The Company utilizes SFAS No. 109, “Accounting for Income Taxes,” codified in FASB ASC Topic 740, which requires recognition of deferred tax assets and liabilities for expected future tax consequences of events included in the financial statements or tax returns. Under this method, deferred income taxes are recognized for the tax consequences in future years of differences between the tax bases of assets and liabilities and their financial reporting amounts at each period end based on enacted tax laws and statutory tax rates applicable to the periods in which the differences are expected to affect taxable income. Valuation allowances are established, when necessary, to reduce deferred tax assets to the amount expected to be realized.
 
 
The Company adopted the provisions of FASB Interpretation No. 48, Accounting for Uncertainty in Income Taxes, (“FIN 48”), codified in FASB ASC Topic 740. When tax returns are filed, it is likely that some positions taken would be sustained upon examination by the taxing authorities, while others are subject to uncertainty about the merits of the position taken or the amount of the position that would be ultimately sustained. The benefit of a tax position is recognized in the financial statements in the period during which, based on all available evidence, management believes it is more likely than not that the position will be sustained upon examination, including the resolution of appeals or litigation processes, if any. Tax positions taken are not offset or aggregated with other positions. Tax positions that meet the more-likely-than-not recognition threshold are measured as the largest amount of tax benefit that is more than 50 percent likely of being realized upon settlement with the applicable taxing authority. The portion of the benefits associated with tax positions taken that exceeds the amount measured as described above is reflected as a liability for unrecognized tax benefits in the accompanying balance sheets along with any associated interest and penalties that would be payable to the taxing authorities upon examination. Interests associated with unrecognized tax benefits are classified as interest expense and penalties are classified in selling, general and administrative expenses in the statements of income.
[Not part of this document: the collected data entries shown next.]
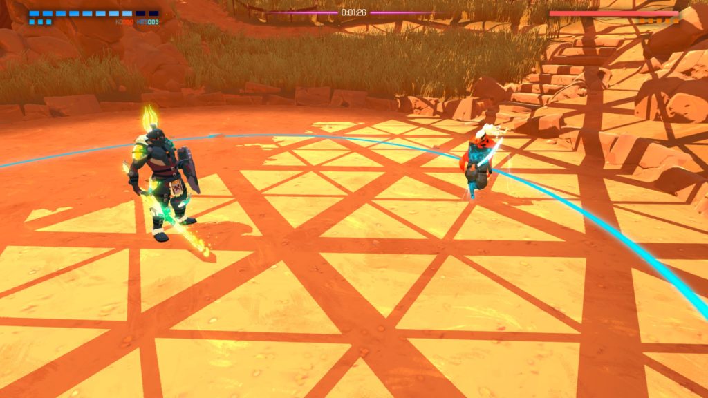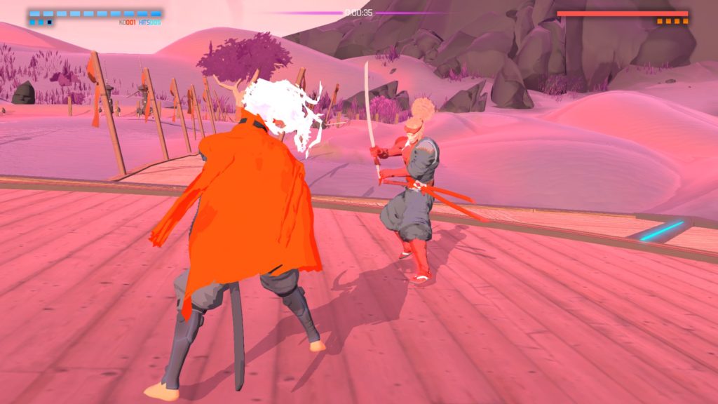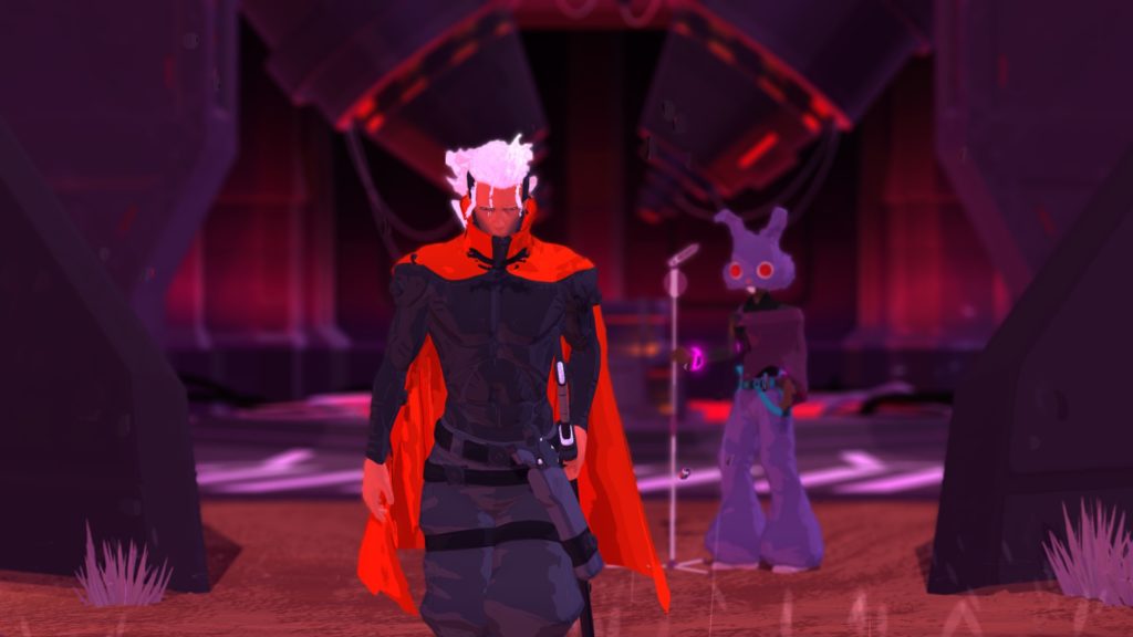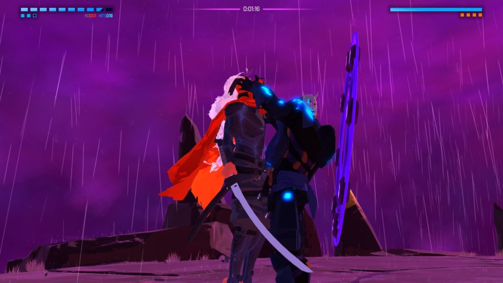 Furi is an action game made by The Game Bakers where the player must defeat a series of bosses in one on one duels. The protagonist, a mysterious man known only as The Stranger has been confined in a futuristic prison guarded by unique bosses. In order to break free, The Stranger must employ his guns and swordsmanship against the guardians. Players will be able to parry attacks, charge up their gun, unleash sword combos, and perform a variety of other moves. Bits of story are revealed as The Stranger makes his way through the prison between battles, which also serves as down time, since combat in this game is fierce and often prolonged.
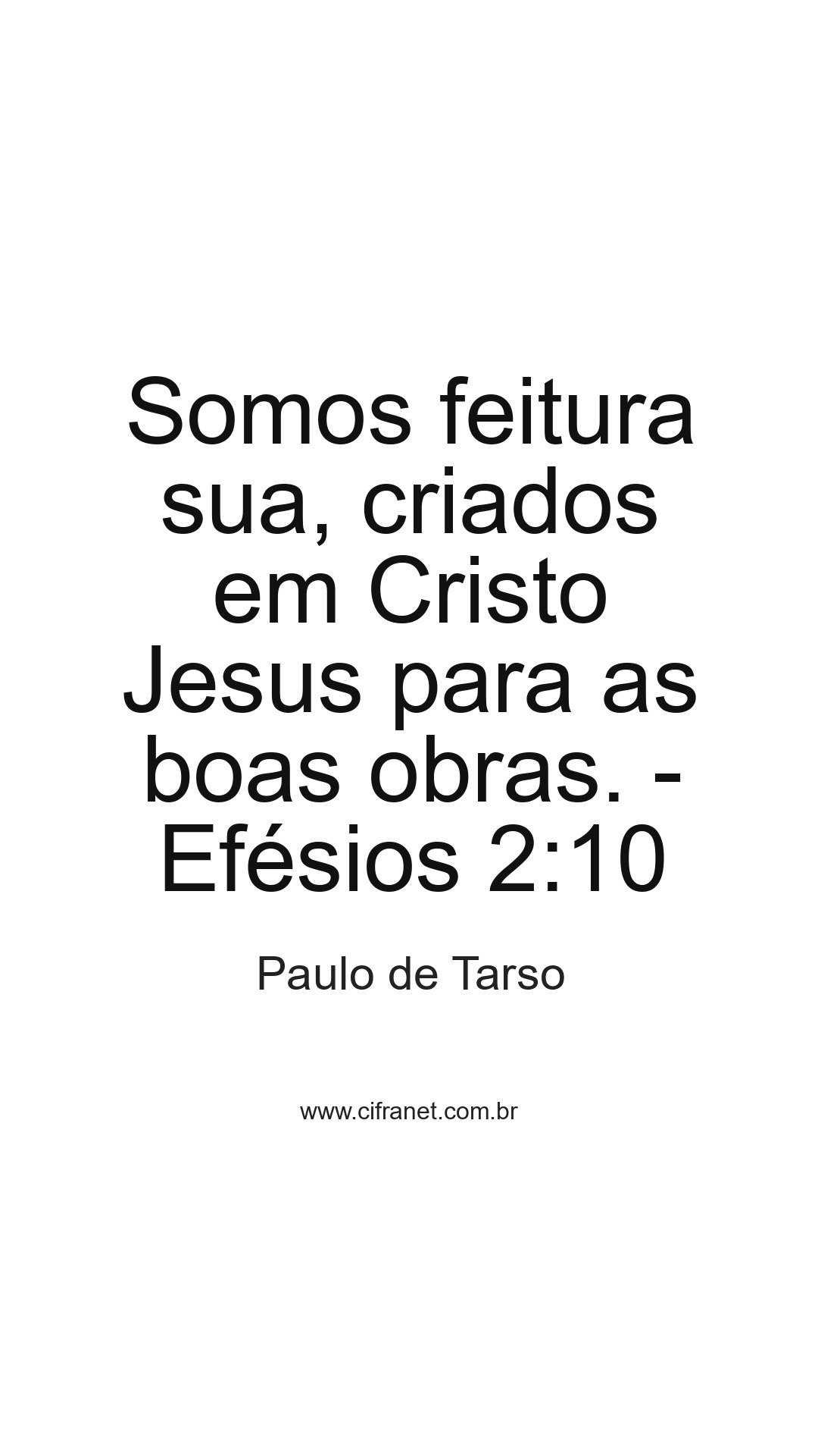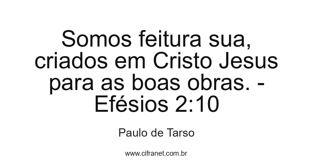 Somos feitura sua, criados em Cristo Jesus para as boas obras. - Efésios 2:10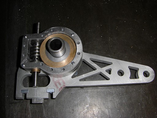 Here’s the first bolt-through of the entire worm gearbox assembly. I couldn’t locate 2 inch long #8-32 screws, so some dinky philips head deals had to take their place for now.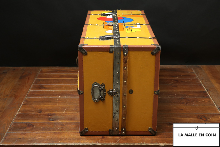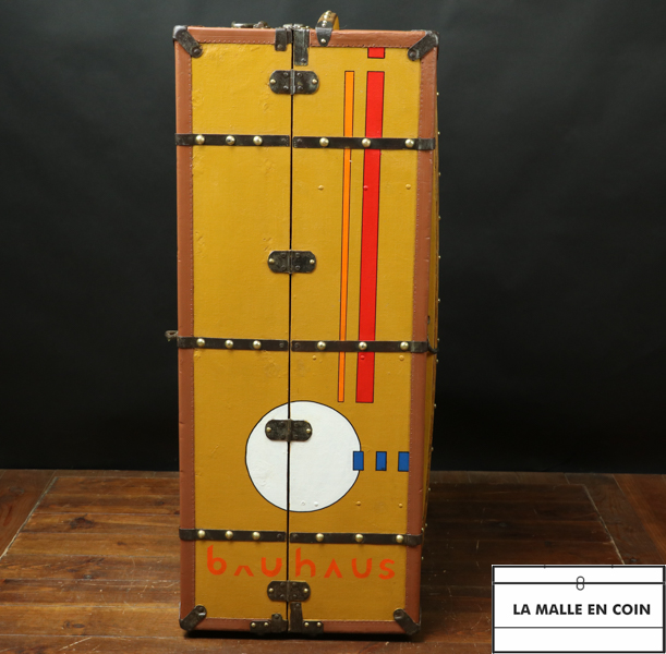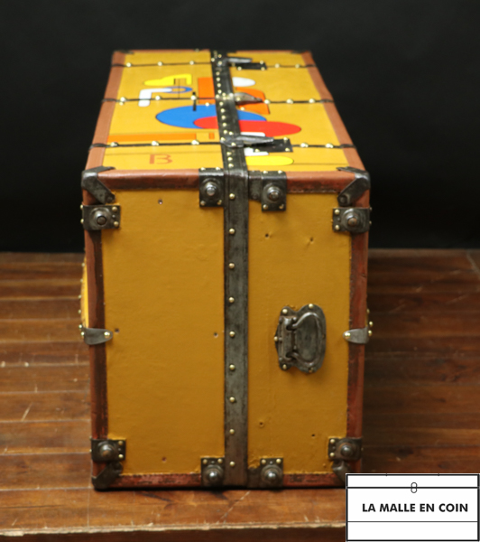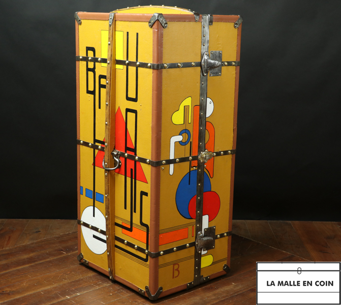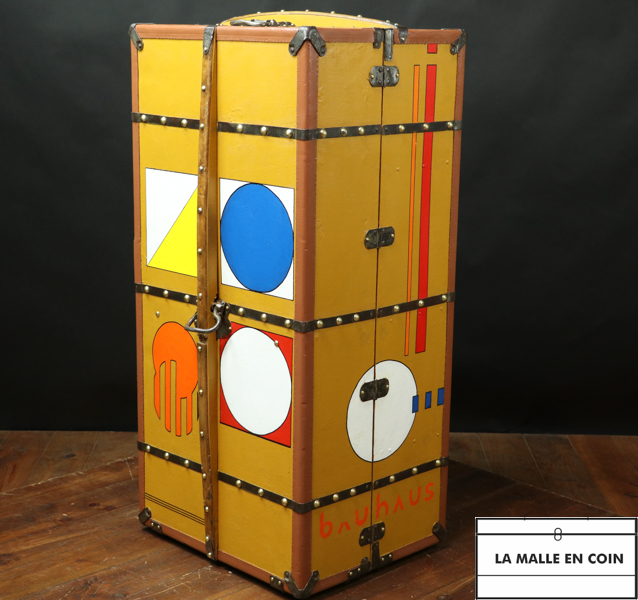 Nous avons laissé Marc, notre artiste maison, réinterpréter cette malle des années 20 dans le style Bauhaus.
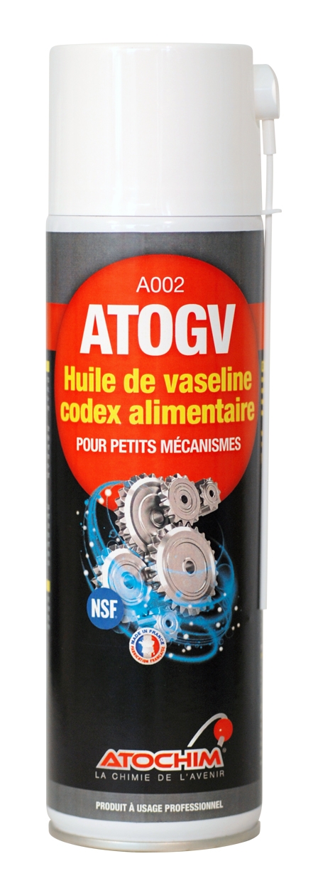 ATOGV est un lubrifiant polyvalent pour les petits mécanismes à base d’huile minérale codex, incolore, inodore et sans saveur. ATOGV est spécialement formulée pour la petite lubrification en milieu alimentaire (industrie, cuisine…). ATOGV est également utilisable en tant qu’agent de démoulage sans silicone et agent de glissement et elle possède de bonnes propriétés contre la corrosion et l’adhérence. Tous les composants de cette formulation aérosol ont été homologués par les organismes européens InS et américains NSF pour un contact fortuit avec les aliments.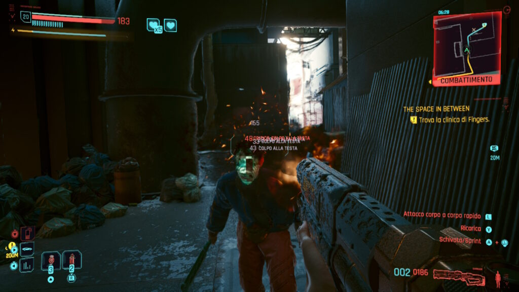 Proprio il feeling delle armi corpo a corpo però è quello che restituisce la sensazione peggiore. È vero, proseguendo nel gioco e sbloccando le abilità giuste nello skill tree potremo potenziare questo tipo di armi, arrivando a parare persino i proiettili che i nemici ci spareranno contro. Purtroppo il la sensazione generale non è troppo positiva, più che altro perché la sensazione di poca precisione è sempre dietro l’angolo e a volte combattere corpo a corpo contro determinati nemici ne risalta alcune lacune lato animazioni. Insomma, divertente si, ma è una componente che in un ipotetico Cyberpunk 2077 pt2 speriamo possa venir aggiustata.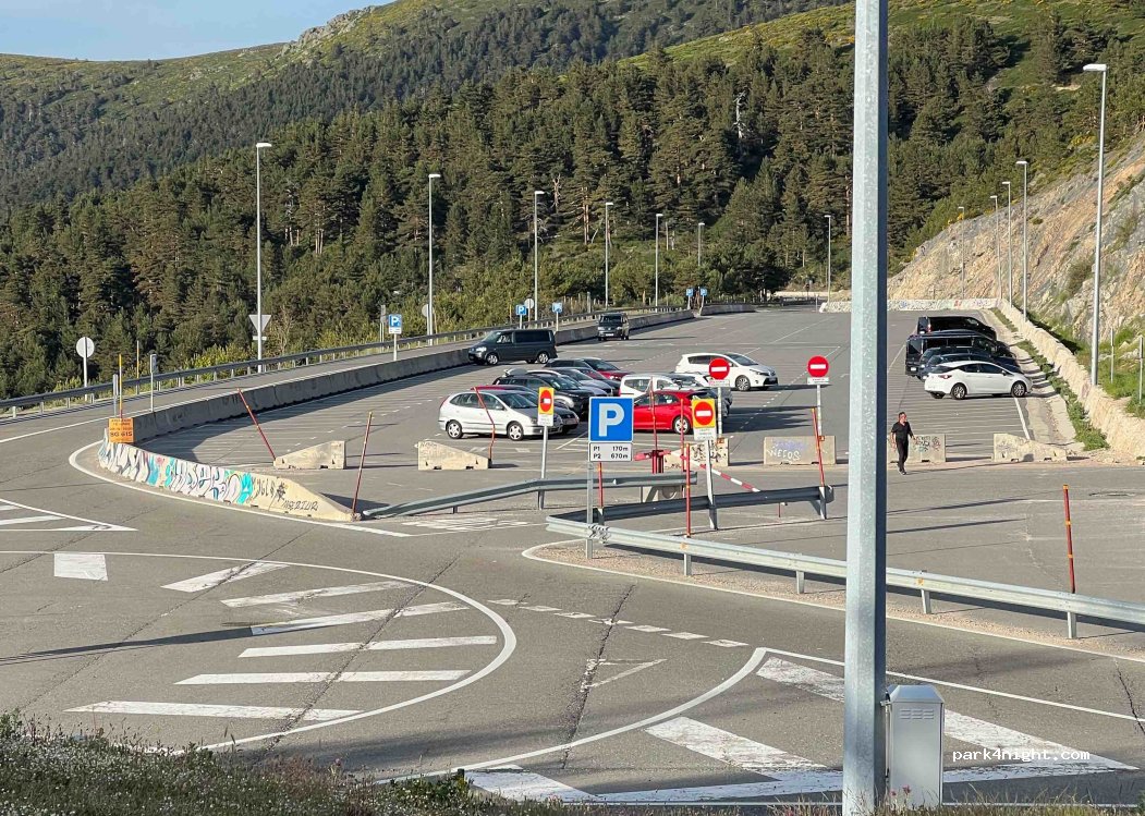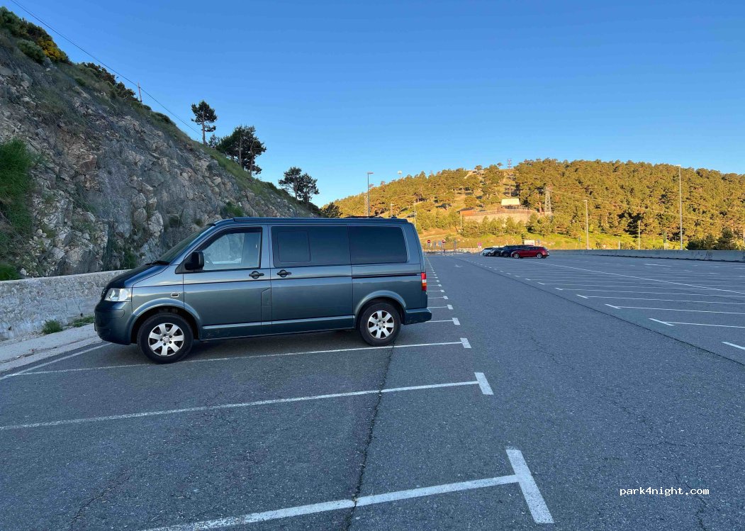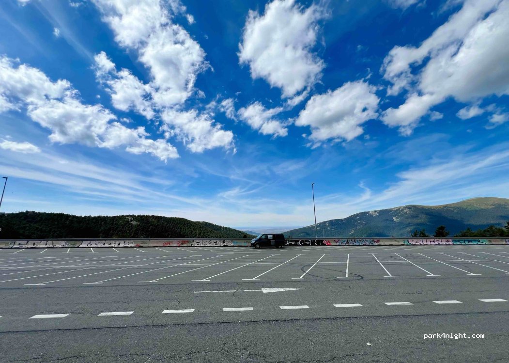 Somos de la zona, vivimos en furgo y hemos dormido bastantes noches en cualquier época en el parking del puerto. Puede ser un sitio genial o un sitio horrible, dependiendo de la fecha o si les da a algunos hacer trompos. Lo mejor es aparcar al principio pegado a la pista que sube a la Bola. Es cuestión de suerte, pero perfecto para disfrutar una gran nevada o una noche de verano calurosa.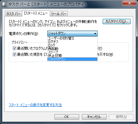 Windows 7 のスタートメニューには1クリックでシャットダウンできるシャットダウンボタンがあります。 便利な反面、間違えてクリックしてしまうことも。。 この「シャットダウン」ボタンを変更する方法について。 クリックで拡大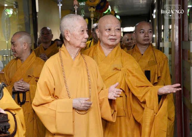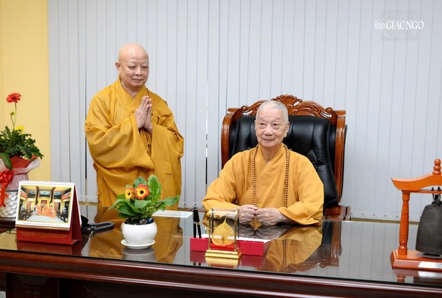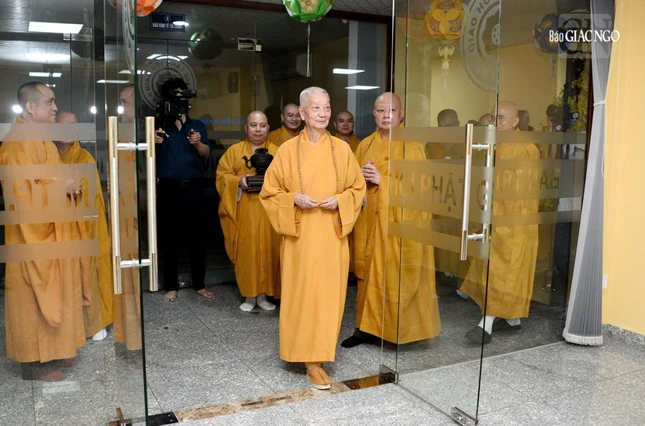 Dịp này, Đức Pháp chủ mở cửa Văn phòng Hội đồng Chứng minh đặt tại Việt Nam Quốc Tự; cùng chư tôn đức Ban Trị sự GHPGVN TP.HCM thực hiện nghi thức mở cửa, thăm Văn phòng Ban Trị sự TP.HCM, khối văn phòng hành chánh của các ban chuyên môn.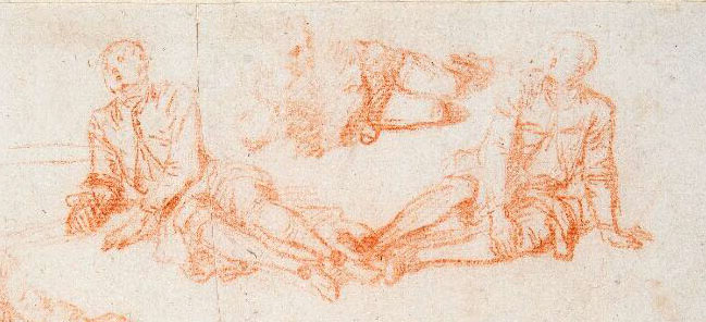 The one Watteau drawing that can be directly linked to La Chute d’eau is a an early sheet of studies of men, mostly sitting or reclining, now in the Stockholm Nationalmuseum (Rosenberg and Prat 122). At the very top of the page is a figure of a recumbent man who rests his head on a bent arm, and he corresponds to the figure at the left of the foreground group in the painting. Because this sheet is a weak counterproof, only his other arm, crossing his body, and the direction of his head are easily understood. More of this figure would have been visible in the original chalk study. The sheet now in Stockholm is one of a group bought from the artist in 1715 by Swedish count Charles Gustav de Tessin. This means that the original drawing was made no later than 1715—a date that may help determine when the painting was executed.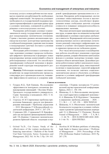 1. Гельруд Я.Д., Цуй Цзянань. Исследование эффективности венчурного механизма финансирования инноваций // Вестник ЮжноУральского государственного университета. Серия: Экономика и менеджмент. 2022. Т. 16.№ 3. С. 134-143. EDN: GZIEIA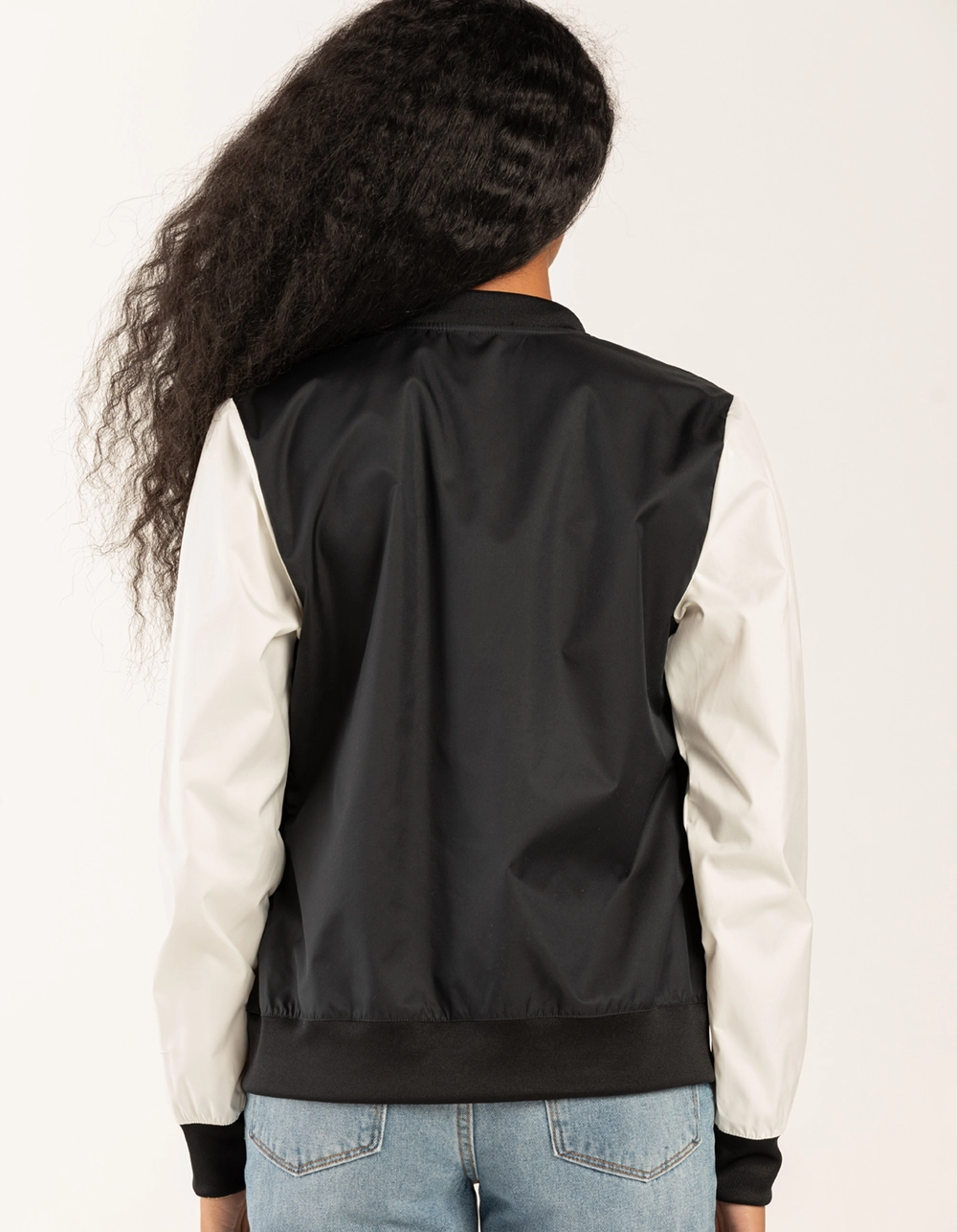 Nike Womens Varsity Jacket. Patch on left chest. Stretch-rib collar with matching cuffs and hem. Button front. Welt side pockets. Body: 100% Polyester. Rib: 98% Polyester, 2% Spandex. Machine wash inside out. Imported.

At December 31, 2010 and 2009, the Company did not take any uncertain positions that would necessitate recording of a tax related liability. 
 
Revenue Recognition
 
The Company’s revenue recognition policies are in compliance with SEC Staff Accounting Bulletin (“SAB”) 104 (codified in FASB ASC Topic 605). Coal sales include sales of coal produced at Company operations and coal purchased from other coal mining companies. Sales are recognized when a formal arrangement exists, which is generally represented by a contract between the Company and the buyer; the price is fixed or determinable; title has passed to the buyer, which generally is at the time of delivery; no other significant obligations of the Company exist and collectability is reasonably assured. Payments received before all of the relevant criteria for revenue recognition are recorded as unearned revenue.
 
When the Company purchases coal from other mining companies, its customers pick up the coal at those coal mines’ premises or the coal is shipped directly from other coal mining companies. Purchases and shipments of the coal from other mining companies are arranged at the same time.  Sales of brokered coal are recognized at the time of delivery.
 
 Sales represent the invoiced value of coal, net of value-added tax (“VAT”). All of the Company’s coal sold in the PRC is subject to a value-added tax of 17% of the gross sales price. This VAT may be offset by VAT paid by the Company on raw materials and other materials included in the cost of producing the finished product. The Company records VAT payable and VAT receivable net of payments in the financial statements. The VAT tax return is filed offsetting the payables against the receivables. Sales and purchases are recorded net of VAT collected and paid as the Company acts as an agent for the government.
 
Cost of Goods Sold
 
Cost of goods sold consists primarily of amortization of the mining rights, direct material, direct labor, depreciation of mining plant items such as the underground tunnel and the major mine well and related expenses, which are directly attributable to the production of coal. Write-down of inventory to lower of cost or market is also recorded in cost of goods sold.
 
Resource Compensation Fees
 
In accordance with the relevant regulations, a company engaged in coal production is required to pay a fee to the HPNLRAB for the depletion of coal resources. Tong Gong is required to pay mineral resource fees at a rate of RMB 3 per ton for its total production during the year; Xing An is required to pay resource fees at 1% of its total sales.  The Company expenses such costs as G&A expense when incurred.
 
Concentration of Credit Risk
 
Financial instruments that subject the Company to credit risk consist primarily of accounts and other receivables. The Company does not require collateral or other security to support these receivables. The Company conducts periodic reviews of its customers’ financial condition and customer payment practices to minimize collection risk on its receivables.
 
 
The operations of the Company are located in the PRC.  Accordingly, the Company’s business, financial condition, and results of operations may be influenced by the political, economic, and legal environments in the PRC, as well as by the general state of the PRC economy.
 
The Company has cash on hand and demand deposits in accounts maintained with state-owned banks within the PRC. Cash in state-owned banks is not covered by insurance. The Company has not experienced any losses in such accounts and believes it is not exposed to any risks on its cash in these bank accounts.
  
Statement of Cash Flows
 
In accordance with SFAS No. 95, “Statement of Cash Flows,” (codified in FASB ASC Topic 230), cash flows from the Company’s operations are calculated based upon the local currencies.  As a result, amounts related to assets and liabilities reported on the statement of cash flows may not necessarily agree with changes in the corresponding balances on the balance sheet.  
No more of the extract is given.